Regions with significant populations
- Greece: 80,000 (1950s est.)
- Bulgaria: 2,071 (2021) – 15,000 (1992 est.)

Languages
- Greek

Religion
- Greek Orthodoxy

= Sarakatsani =

Greek population group

Flag of the Sarakatsani

The Sarakatsani (Σαρακατσάνοι), also called Karakachani (каракачани), are an ethnic Greek population subgroup who were traditionally transhumant shepherds, native to Greece, with a smaller presence in neighbouring Bulgaria, southern Albania, and North Macedonia. Historically centred on the Pindus mountains and other mountain ranges in continental Greece, most Sarakatsani have abandoned the transhumant way of life and have been urbanised.

==Name==
The most widely accepted theory for the origin of the name "Sarakatsani" is that it comes from the Turkish word karakaçan (from kara = 'black' and kaçan = 'fugitive'), used by the Ottomans, in reference to those people who dressed in black and fled to the mountains during their rule. Scholars who propose a Vlach origin for the Sarakatsani suggest their name derives from the Romanian word sărac meaning 'poor', or related terms like sărăcăcios (in bad condition) or sarcin (weight, bundle). According to other theories, the name could stem from the village of Sakaretsi (the supposed homeland of the Sarakatsani), or from the village of Syrrako.

==History and origin==
Despite the silence of the classical and medieval writers, scholars argue that the Sarakatsani are a Greek people, possibly descended from pre-classical indigenous pastoralists, citing linguistic evidence and certain aspects of their traditional culture and socioeconomic organisation. A popular theory, based on linguistics and material culture, suggests that the Sarakatsani are descended from the Dorians, who were isolated for centuries in the mountains.

Their origins have been the subject of broad and permanent interest, resulting in several fieldwork studies by anthropologists among the Sarakatsani.

===Accounts===
Many of the 19th century descriptions of the Sarakatsani do not differentiate them from the other great shepherd people of the Balkans, the Aromanians ("Vlachs") a Romance-speaking population. In many instances the Sarakatsani were identified as Vlachs. Aravantinos discusses how another group, the Arvanitovlachs (also known as Farsharot Aromanians), were erroneously called Sarakatsani, although the latter were clearly of Greek origin, increasing the differences between the two groups and stating that the Arvanitovlachs were actually yet another group, the Garagounides or Korakounides. The Sarakatsani have also been referred to as Roumeliotes or Moraites, names based on where they lived. Otto, the first king of modern Greece, was well known to be a great admirer of the Sarakatsani, and is said to have fathered an illegitimate child early in his reign with a woman from a Sarakatsani clan named Tangas.

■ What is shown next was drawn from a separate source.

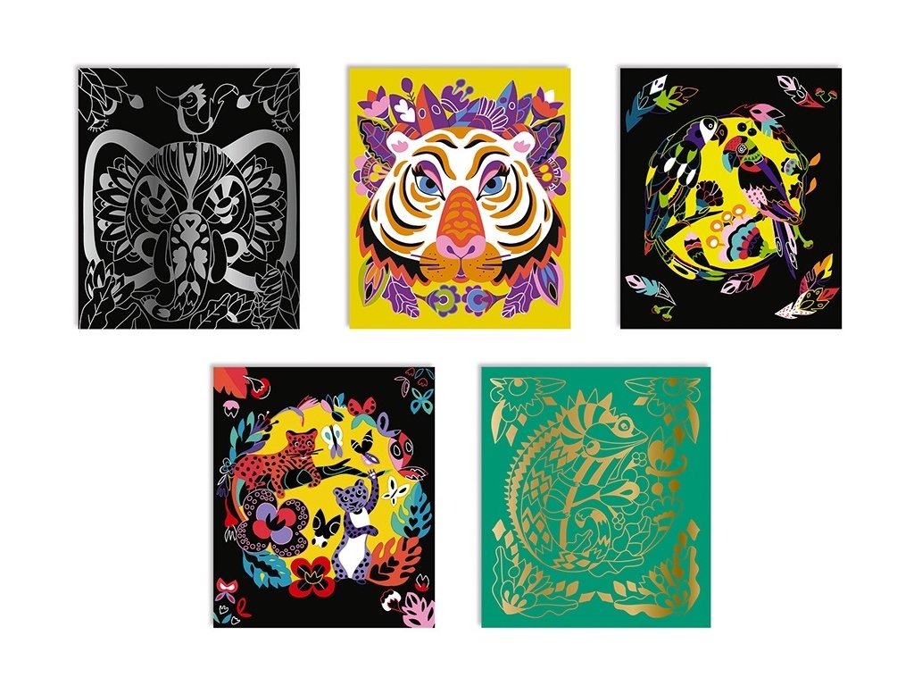 A Kreatív készlet kaparóképekkel az Állatok a világban fejleszti a finommotorikát, a türelmet és a részletekre való odafigyelést.

Since the 20th century a multitude of scholars have studied the linguistic, cultural and racial background of the Sarakatsani. Among these, Danish scholar Carsten Høeg, who travelled twice to Greece between 1920 and 1925 and studied the dialect and narrations of the Sarakatsani, is arguably the most influential. He found no traces of foreign elements in the Sarakatsani dialect and no traces of sedentism in their material culture. Furthermore, he looked for examples of nomadism in classical Greece, similar to that of the Sarakatsani. He visited the Sarakatsani of Epirus and mentioned other groups with no fixed villages in several other parts of Greece as well.

There appears to be no written mention of the Sarakatsani previous to the 18th century, but that does not necessarily imply that they did not exist earlier. It is likely the term 'Sarakatsani' is a relatively new generic name given to an old population that lived for centuries in isolation from the other inhabitants of what is today Greece.

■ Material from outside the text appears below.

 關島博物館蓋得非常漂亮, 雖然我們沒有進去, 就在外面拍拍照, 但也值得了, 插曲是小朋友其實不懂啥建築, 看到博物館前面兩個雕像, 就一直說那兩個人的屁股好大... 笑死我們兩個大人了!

Georgakas (1949) and Kavadias (1965) believe that the Sarakatsani are either descendants of ancient nomads who inhabited the mountain regions of Greece in the pre-classical times, or they are descended from sedentary Greek peasants forced to leave their original settlements around the 14th century who became nomadic shepherds. Angeliki Hatzimihali, a Greek folklorist who spent a lifetime among the Sarakatsani, emphasises the prototypical elements of Greek culture that she found in the pastoral way of life, social organisation and art forms of the Sarakatsani. She also points out the similarity between their decorative art and the geometric art of pre-classical Greece. Euripides Makris (1997) describes the Sarakatsani as "the most ancient Greek tribe of nomadic shepherds, whose origins can be traced to time immemorial".

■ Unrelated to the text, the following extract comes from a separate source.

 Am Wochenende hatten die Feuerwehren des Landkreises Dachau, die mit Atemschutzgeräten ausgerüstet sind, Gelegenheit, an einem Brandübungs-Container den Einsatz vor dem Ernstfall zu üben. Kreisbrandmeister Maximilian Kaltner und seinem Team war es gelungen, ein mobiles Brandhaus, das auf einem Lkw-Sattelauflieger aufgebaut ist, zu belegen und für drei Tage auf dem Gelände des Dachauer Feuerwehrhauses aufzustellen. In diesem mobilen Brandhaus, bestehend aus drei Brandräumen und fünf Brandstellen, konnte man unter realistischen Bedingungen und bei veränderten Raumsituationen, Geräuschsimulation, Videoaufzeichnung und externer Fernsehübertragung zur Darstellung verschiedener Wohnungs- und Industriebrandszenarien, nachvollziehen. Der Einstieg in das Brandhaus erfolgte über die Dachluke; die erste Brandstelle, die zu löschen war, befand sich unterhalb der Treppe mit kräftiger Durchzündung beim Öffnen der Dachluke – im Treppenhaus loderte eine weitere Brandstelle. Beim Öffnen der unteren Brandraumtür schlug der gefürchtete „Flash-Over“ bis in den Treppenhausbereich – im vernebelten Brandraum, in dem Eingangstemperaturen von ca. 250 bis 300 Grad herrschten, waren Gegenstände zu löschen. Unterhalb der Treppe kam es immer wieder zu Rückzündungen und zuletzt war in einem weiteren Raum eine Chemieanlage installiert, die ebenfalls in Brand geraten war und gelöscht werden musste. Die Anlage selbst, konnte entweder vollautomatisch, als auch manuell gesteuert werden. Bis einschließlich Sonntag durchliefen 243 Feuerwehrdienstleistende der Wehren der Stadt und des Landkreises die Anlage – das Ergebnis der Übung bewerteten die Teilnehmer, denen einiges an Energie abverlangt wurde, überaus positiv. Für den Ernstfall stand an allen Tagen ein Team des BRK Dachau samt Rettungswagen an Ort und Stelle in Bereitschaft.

English historian and anthropologist John K. Campbell arrives at the conclusion that the Sarakatsani must have always lived in—more or less—the same conditions and areas as they were found in his days of research in the mid-1950s. He also highlights the differences between them and the Aromanians, regarding the Sarakatsani as a distinctive social group within the Greek nation. As a result of his field studies of the Sarakatsani of Epirus, Nicholas Hammond, a British historian, considers them descendants of Greek pastoralists living in the region of Gramos and Pindus since the early Byzantine period, who were dispossessed of their pastures by the Aromanians at the latest by the 12th century.

According to Kapka Kassabova, who lived among the Sarakatsani in Bulgaria, in modern times, four major factors account for the disintegration of the people's traditional nomadic lifestyle: (a) after WWI, in agreements such as the Treaty of Neuilly-sur-Seine, new borders were drawn up between Greece, Bulgaria and Turkey, which made nomadic caravans engaged in transhumance both costly and dangerous; (b) in the wake of WWII and the outbreak of the Cold War, these national borders froze relations and outlawed the movement of animals and people from the Aegean and Thracian Balkan lowlands into the interior; (c) the process of collectivization in Bulgaria undertaken from 1957 onwards led to the slaughter of much livestock, together with outright theft of flocks; and (d) with the collapse of communism and the onset of privatization, both the mass slaughter of livestock and their export led to a drastic loss of animals, with no residual state infrastructure left to protect them. It was only a group of animal lovers who mustered the remaining stocks and established an area to conserve them in Orelyak, which enabled the Karakachan breeds of horse, sheep and dog to survive intact.

===Sarakatsani and Aromanians===
Romanian and Aromanian scholars have tried to prove a common origin for the Sarakatsani and the Aromanians. The latter, also known as Vlachs, constitute the other major transhumant ethnic group in Greece and speak Aromanian, an eastern Romance language, while the Sarakatsani speak a northern dialect of Greek.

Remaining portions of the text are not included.